Data Imput 

B. DIGITIZERS
- digitizers are the most common device for extracting spatial information from maps and photographs
- the map, photo, or other document is placed on the flat surface of the digitizing tablet
Hardware
the position of an indicator as it is moved over the surface of the digitizing tablet is detected by the computer and interpreted as pairs of x,y coordinates
CALCOMP
- the indicator may be a pen-like stylus or a cursor (a small flat plate the size of a hockey puck with a cross-hair)
- frequently, there are control buttons on the cursor which permit control of the system without having to turn attention from the digitizing tablet to a computer terminal
- digitizing tablets can be purchased in sizes from 25x25 cm to 200x150 cm, at approximate costs from $500 to $5,000
- early digitizers (ca. 1965) were backlit glass tables
- a magnetic field generated by the cursor was tracked mechanically by an arm located behind the table
- the arm''s motion was encoded, coordinates computed and sent to a host processor
- some early low-cost systems had mechanically linked cursors - the free-cursor digitizer was initially much more expensive
- the first solid-state systems used a spark generated by the cursor and detected by linear microphones
- problems with errors generated by ambient noise
- contemporary tablets use a grid of wires embedded in the tablet to generate a magnetic field which is detected by the cursor
- accuracies are typically better than 0.1 mm
- this is better than the accuracy with which the average operator can position the cursor
- functions for transforming coordinates are sometimes built into the tablet and used to process data before it is sent to the host
The digitizing operation
- the map is affixed to a digitizing table
- three or more control points ("reference points", "tics", etc.) are digitized for each map sheet
- these will be easily identified points (intersections of major streets, major peaks, points on coastline)

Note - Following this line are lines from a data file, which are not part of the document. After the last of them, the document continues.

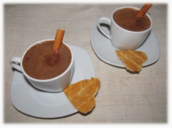 Colocar o chocolate em pedaços e o leite num tacho, juntar o pau de canela e colocar em lume brando até ferver, mexer com frequência para que a mistura fique bem homogénea e cremosa. No final juntar um pouco de pimenta. Servir bem quentinho.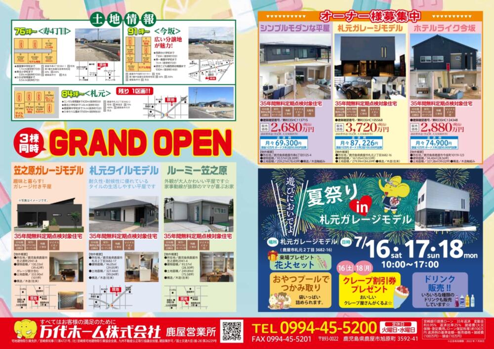 鹿屋エリアの情報誌『ビッグウェーブ』7月号に 万代ホームの最新情報が掲載されています 最新モデルハウスや分譲地、イベント情報など、 見どころいっぱい! ぜひ一度手に取ってご覧になってみて下さい! tel:0994-45-5200 各エリアで開催中の見学会・相談会の ご予約はイベントページから、 ご来場の予約は各展示場のページから お気軽にどうぞ!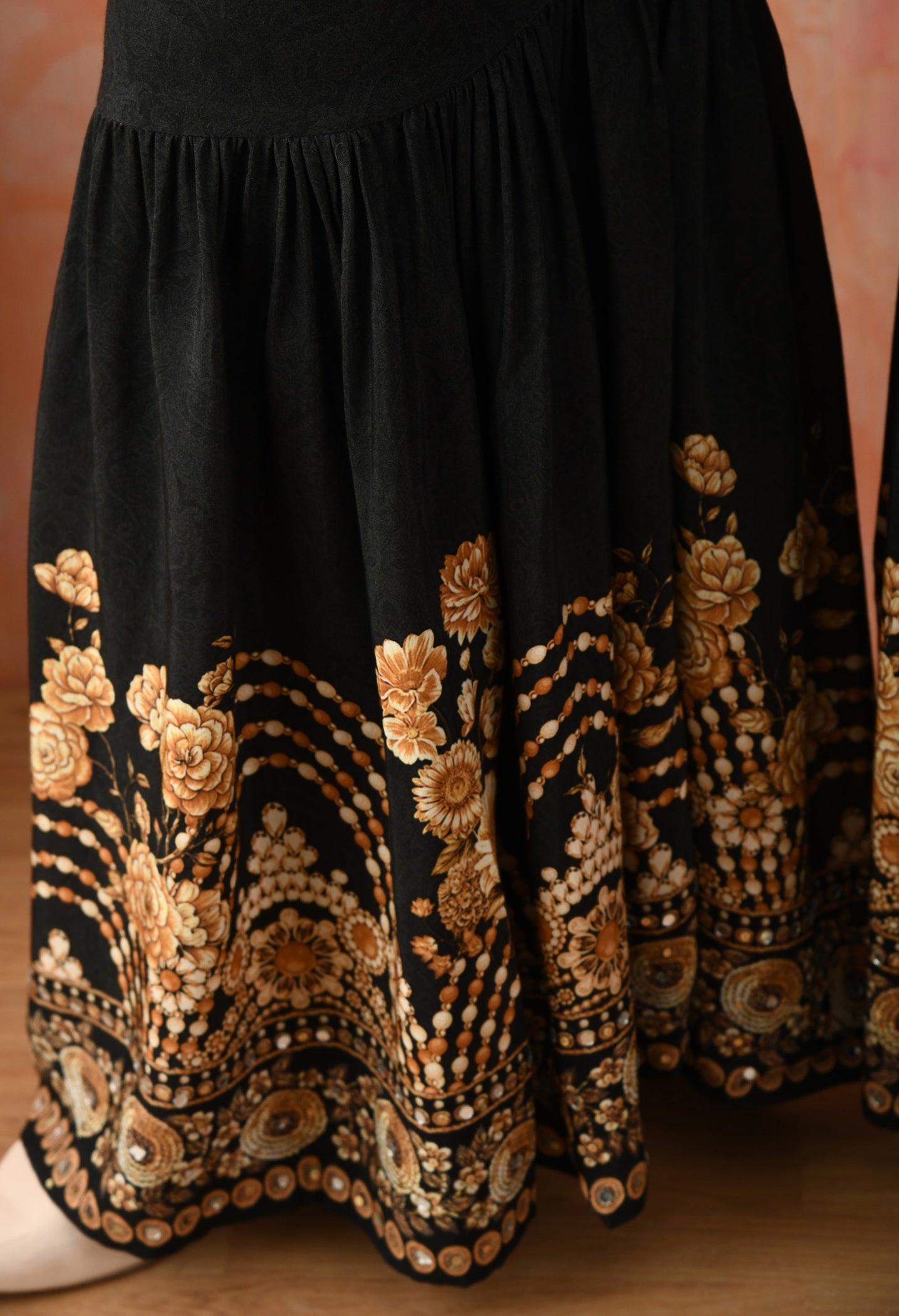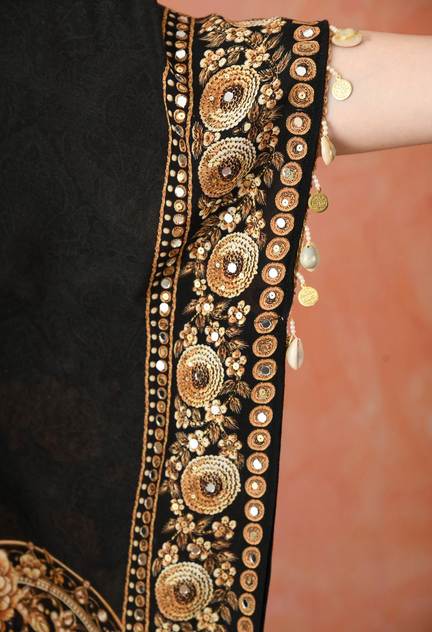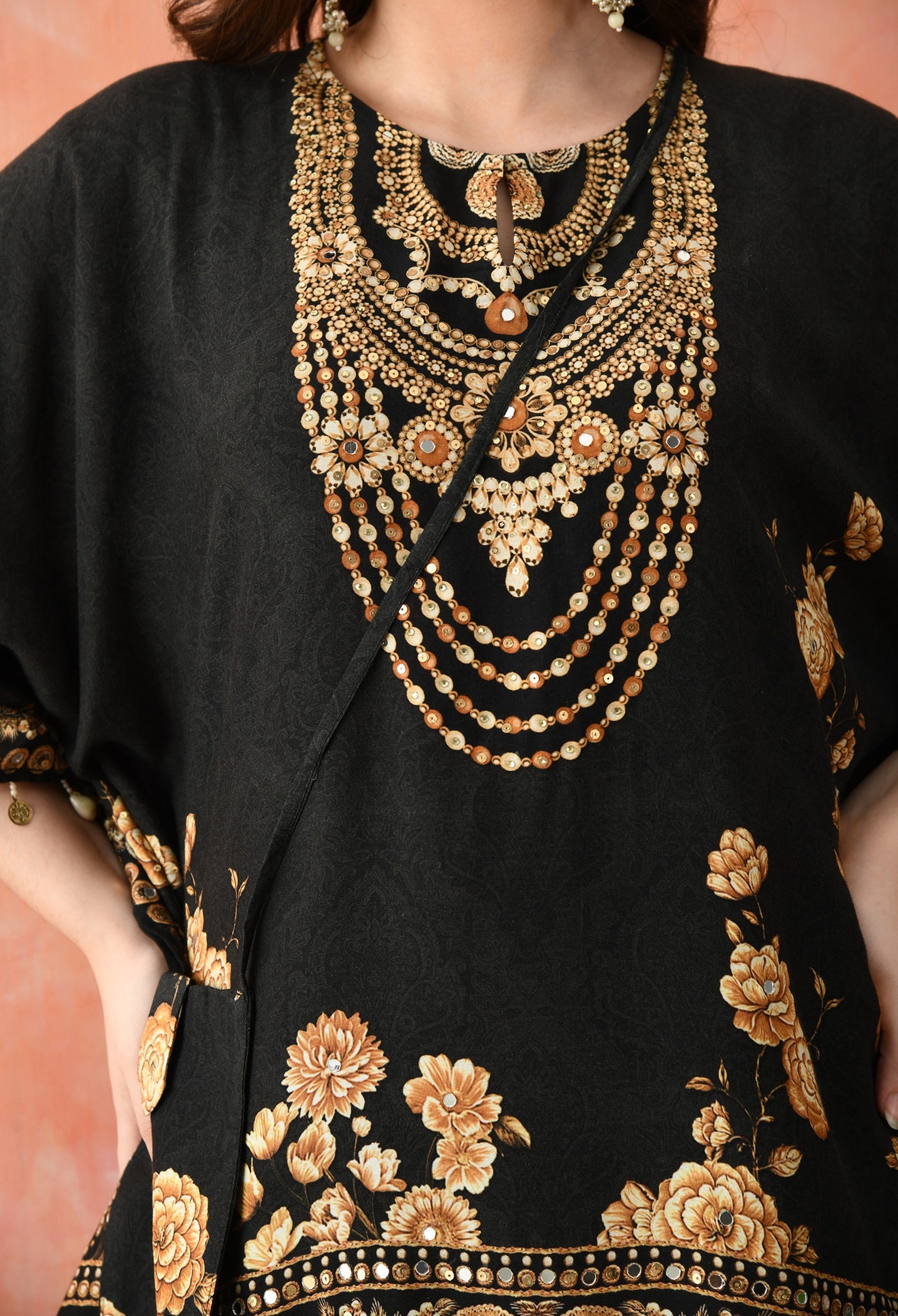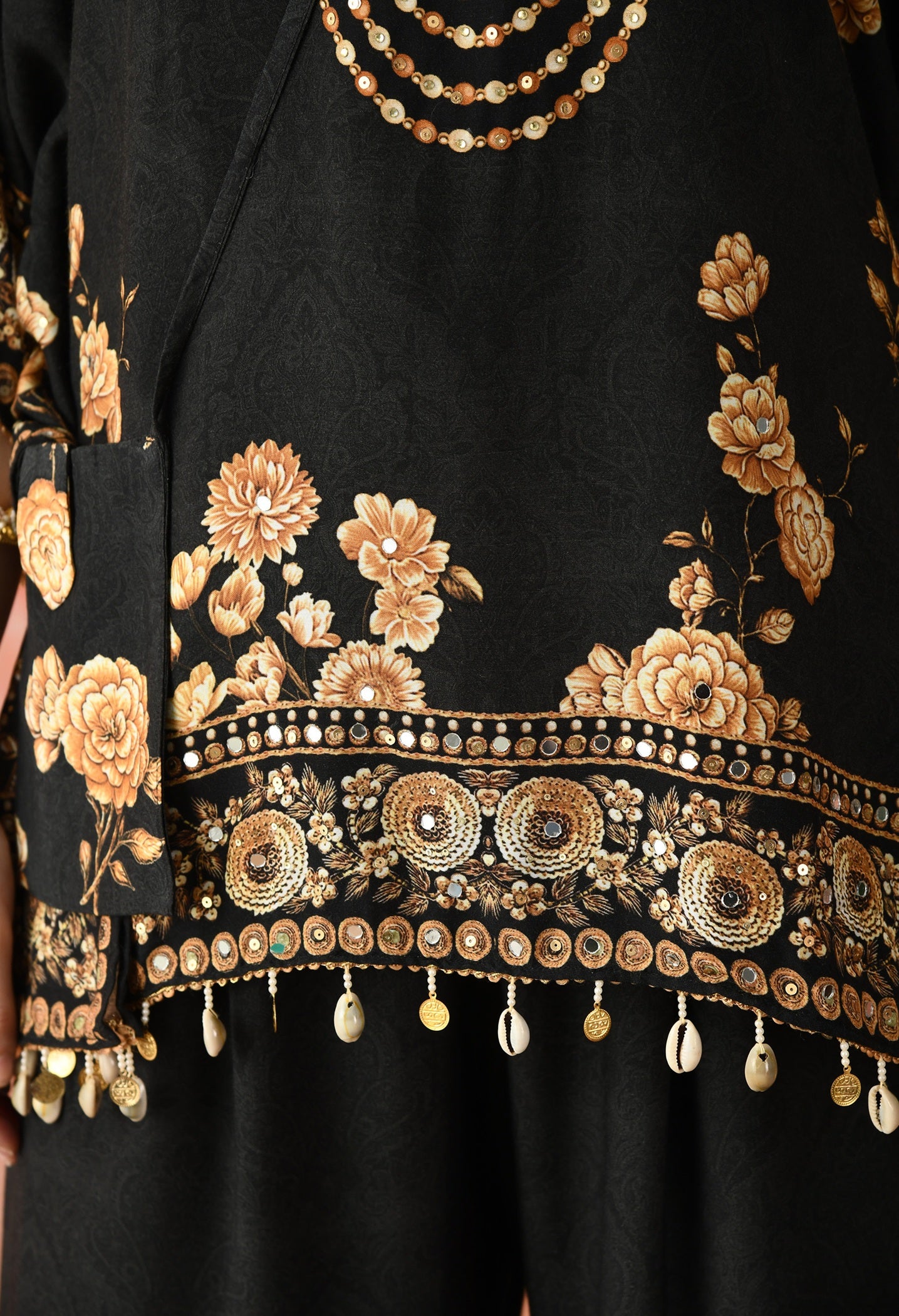 A bold black sharara set with cotton silk kaftaan and flared gharara. Mirror, crystal, and sequin detailing make it perfect for night-time festive looks.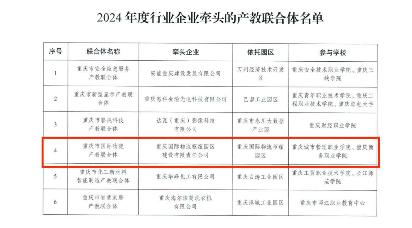 近日,重庆市经济和信息化委员会、重庆市教育委员会联合发布《关于公布2024年度市域产教联合体名单的通知》,我校牵头组建的重庆市国际物流产教联合体(行业企业牵头)和重庆市电子电路产教联合体(产业园区牵头)双双入选。
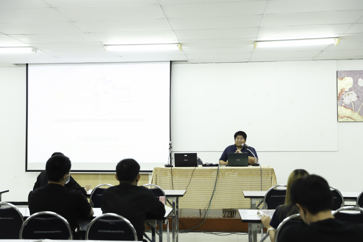 ฝ่ายสื่อสารองค์กร คณะวิทยาศาสตร์ มหาวิทยาลัยเชียงใหม่ นำโดย ผู้ช่วยศาสตราจารย์ ดร.ศุภณัฐ ชัยดี ผู้ช่วยคณบดีฝ่ายสื่อสารองค์กร จัดโครงการ Young Science Ambassadors 2023 (รุ่นที่ 2) นำนักศึกษากว่า 30 คน ที่มีความสนใจในงานด้านการสื่อสาร และมีความคิดริเริ่มสร้างสรรค์ เข้าร่วม Workshop ในหัวข้อต่างๆ ที่น่าสนใจ โดยเฉพาะอย่างยิ่งด้านการสื่อสาร การเป็นพิธีกร และการพัฒนาบุคลิกภาพ โดยวิทยากรจากฝ่ายสื่อสารองค์กร คณะวิทยาศาสตร์ ในวันที่ 28 มิถุนายน 2566 ณ ห้องสัมมนา ชั้น 2 อาคาร 40 ปี คณะวิทยาศาสตร์

- the coordinates of these points will be known in the coordinate system to be used in the final database, e.g. lat/long, State Plane Coordinates, military grid
- the control points are used by the system to calculate the necessary mathematical transformations to convert all coordinates to the final system
- the more control points, the better
- digitizing the map contents can be done in two different modes:
- in point mode, the operator identifies the points to be captured explicitly by pressing a button
- in stream mode points are captured at set time intervals (typically 10 per second) or on movement of the cursor by a fixed amount
- advantages and disadvantages:
- in point mode the operator selects points subjectively
- two point mode operators will not code a line in the same way
- stream mode generates large numbers of points, many of which may be redundant
- stream mode is more demanding on the user while point mode requires some judgement about how to represent the line
- most digitizing is currently done in point mode
Problems with digitizing maps
- arise since most maps were not drafted for the purpose of digitizing
- paper maps are unstable: each time the map is removed from the digitizing table, the reference points must be re-entered when the map is affixed to the table again
- if the map has stretched or shrunk in the interim, the newly digitized points will be slightly off in their location when compared to previously digitized points
- errors occur on these maps, and these errors are entered into the GIS database as well
- the level of error in the GIS database is directly related to the error level of the source maps
- maps are meant to display information, and do not always accurately record locational information
- for example, when a railroad, stream and road all go through a narrow mountain pass, the pass may actually be depicted wider than its actual size to allow for the three symbols to be drafted in the pass
- discrepancies across map sheet boundaries can cause discrepancies in the total GIS database
- e.g. roads or streams that do not meet exactly when two map sheets are placed next to each other
- user error causes overshoots, undershoots (gaps) and spikes at intersection of lines
diagram

- user fatigue and boredom
- for a complete discussion on the manual digitizing process, see Marble et al, 1984
Editing errors from digitizing
- some errors can be corrected automatically
- small gaps at line junctions
- overshoots and sudden spikes in lines
- error rates depend on the complexity of the map, are high for small scale, complex maps
- these topics are explored in greater detail in later Units
- Unit 13 looks at the process of editing digitized data
- Units 45 and 46 discuss digitizing error
Digitizing costs
- a common rule of thumb in the industry is one digitized boundary per minute
- e.g. it would take 99/60 = 1.65 hours to digitize the boundaries of the 99 counties of Iowa
C. SCANNERS
Video scanner
HP SCANJET
- essentially television cameras, with appropriate interface electronics to create a computer-readable dataset
- available in either black and white or color
- extremely fast (scan times of under 1 second)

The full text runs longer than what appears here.